По Витгенштейну, этого «приватного» измерения человеческого сознания тоже нет. Так как всё, что есть, – это текст. Именно эта среда, в которой находится и живёт всё человеческое, создаёт возможность коммуникации. Почему? Потому что текст не имеет границы, он плавно перетекает от субъекта к субъекту, составляя содержание и самих субъектов, и коммуникации между ними.
Я считаю, что обе позиции крайне близки друг другу, хотя и находятся на полюсах философского дискурса. И роднит их прежде всего отсутствие исключений, предъявляемых к сознанию. В обеих школах онтология сознания является вполне естественной частью всеобщей онтологии мироздания, в том смысле, что она от неё ничем не отличается. Мы могли бы даже нарисовать это с помощью нескольких несложных линий, из чего станет сразу понятно, почему «исключительность» и «приватность» сознания вызывают такую неприязнь марксистов и многих последовательных аналитиков.
Если представить интуитивно, что мир, как горная порода или торт, состоит из эволюционных или онтологических слоёв, то мы имеем плотно прилегающие и сообщающиеся друг с другом глубинный физический слой, за ним химический и биологический. Интуиция подсказывает, что дальше появляются «исключения», так как следующий за ним «психический» слой не является таким же целостным, как предыдущие. Он состоит из отдельных как бы островков или вишенок на биологическом слое, не связанных друг с другом, так как психика животного или человека «приватна». А следующие за ним слои, как бы мы их ни именовали, социальные или культурные, логистические, языковые и т. д., лежат сверху на этих разрозненных бугорках-вишенках. Причём эти более высокие слои также «свисают» с этих бугорков-вишенок по краям и касаются биологического слоя. Неэлегантно! Некрасиво! Необязательно!
Такая интуитивная модель, в которой имеет место приватность сознания, ставит неудобный вопрос – почему сознание составляет исключение и чем оно особенно. Почему все иные наблюдаемые нами эволюционные слои целостны и неприватны, а «психический уровень» состоит из каких-то непроницаемых сосудов – человеческих сознаний. И то, что для каждого человека очевидно, – его собственная психика приватна, – становится, пожалуй, сложнейшим вопросом для науки нашего времени.
Неудивительно, что и Маркс, и Витгенштейн по-коперникански поспешили убрать эти исключения, неудобные «вишенки сознания», из онтологического торта. Их картины мира целостны и не имеют никаких исключений вроде геоцентрической системы. Проблема, однако, от этого не исчезает, а только отдаляется. И мы видим, что вторая половина XX века и начало XXI века изобилуют всевозможными теориями сознания, которые пытаются вернуть «вишенки в торт», то есть сознание в общую онтологию. Но этот процесс, конечно же, невозможен в той одномерной плоской модели, которую предлагает монизм. И новые теории все чаще обращаются к старой проблеме – нематериальной природе сознания.

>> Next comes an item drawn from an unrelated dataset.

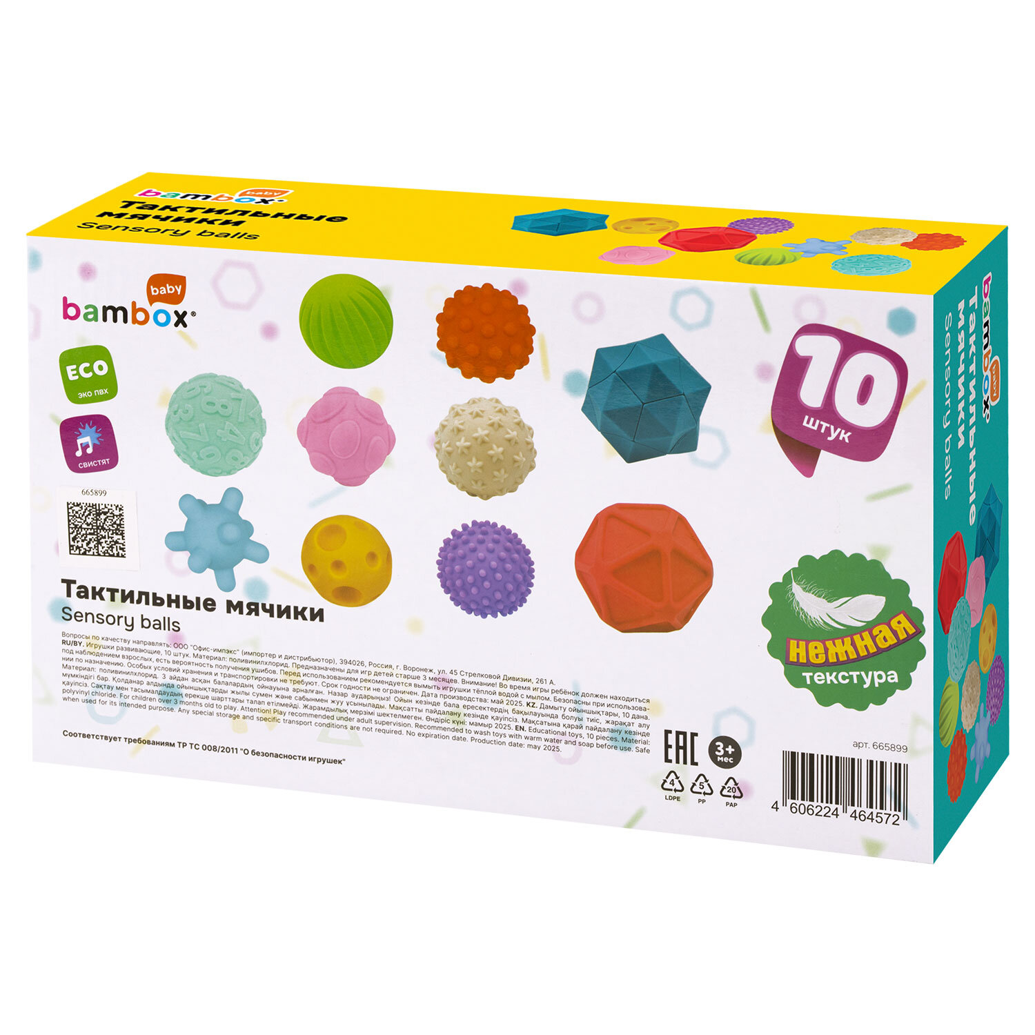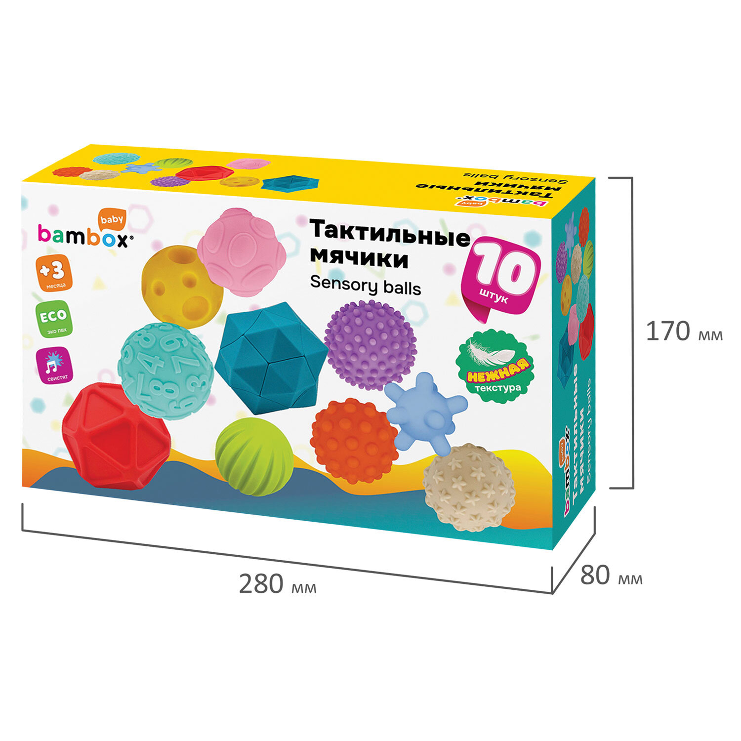 Тактильные мячики, сенсорные игрушки развивающие, ЭКО, 10 штук, диаметр 60-80 мм, BAMBOX BABY (БАМБОКС БЭБИ), 665899 Код товара: 665899 726,53 ₽ Купить Производитель:BAMBOX Тактильные мячики BAMBOX BABY – замечательный подарок для малыша. Игра с мячиками способствует развитию мелкой моторики, координации движений, пространственного мышления, снимает психологическое напряжение и дарит новые эмоции! Тактильные мячики ярких цветов выполнены из безопасного ПВХ, очень приятные на ощупь, отлично ложатся в детскую ручку. Тактильные мячики – это простая, но очень функциональная развивающая забава для малыша. Отлично подходят для игр на суше и в воде. Ребёнок будет купаться с удовольствием! В наборе 10 тактильных мячиков различного рельефа, формы, размера и цветов. Диаметр мячиков: от 6 см до 85 см. Изделия полые внутри, при надавливании издают мягкий, свистящий звук за счет выхода воздуха. Мягкие, но упругие шарики выполнены из экологически чистого ПВХ, имеющего сертификат ЕАС для выпуска детских товаров. Отсутствует резкий запах, не страшно, если ребенок будет их грызть во время занятий. Красиво оформленная яркая подарочная упаковка из плотного картона идеально подходит для вручения набора на день рождения и любой другой праздник.Производство: КитайВид игрушки: мячикиКоличество в комплекте: 10 шт.Возраст ребенка: от 3 месЦвет: разноцветныйОсобенности : массажныеСюжет: тактильныеСерия: тактильная развивающая игрушкаМатериал: ПВХ, эко-материалДлина: 28 смШирина: 17 смГлубина: 8 смУпаковка: подарочная коробкаВес: 488 грРазмер упаковки: 8.3 × 28.5 × 17 смОбъём: 0.0051 м3Промежуточная упаковка: 6 штТранспортная упаковка: 6 штШтрих-код: 4606224464572 Файлы Сертификат-1.jpg Сертификат-2.jpg Сертификат-3.jpg Сертификат-4.jpg

Коль скоро материалистическая природа сознания не вписывается в наши представления, учёные снова обращаются к отцу европейского рационализма Декарту и идее дуализма. Это позволяет говорить о проблеме сознания, добавляя к картине мира ещё одно измерение. Она перестает быть плоской, и возможно, что наши «вишенки» теперь существуют не между какими-то слоями, нарушая их целостность и плотность прилегания, а где-то сбоку, в нематериальных пространствах.

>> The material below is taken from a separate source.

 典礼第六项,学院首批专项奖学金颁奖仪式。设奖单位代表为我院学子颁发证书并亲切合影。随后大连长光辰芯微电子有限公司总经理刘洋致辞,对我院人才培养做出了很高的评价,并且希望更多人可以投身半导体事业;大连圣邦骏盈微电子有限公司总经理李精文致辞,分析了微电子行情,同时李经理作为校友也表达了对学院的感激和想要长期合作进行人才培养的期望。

Идеи дуализма, не субстанционального, как это было у Картезия, а дуализма свойств, становятся всё более популярными. Об этом говорит на первом этапе своего творчества Дэвид Чалмерс, ставя знаменитую «трудную проблему сознания». Американец К. Льюис ещё в 1929 году предлагает термин «квалиа», который называет им самое простое, что для нас существует, но самое сложное в описании – внутреннюю сторону ощущений. Т. Нагель поддерживает эту идею своим аргументом «каково это?», утверждая, что мы не в состоянии заглянуть в чужую голову и невозможно, например, ощутить, «каково это быть летучей мышью». Он говорит о том, что информация бывает типа «то, что» и «то, как». Философ Ф. Джексон идёт ещё дальше и стремится показать своим мысленным экспериментом «комната Мэри», что информация может быть нефизической.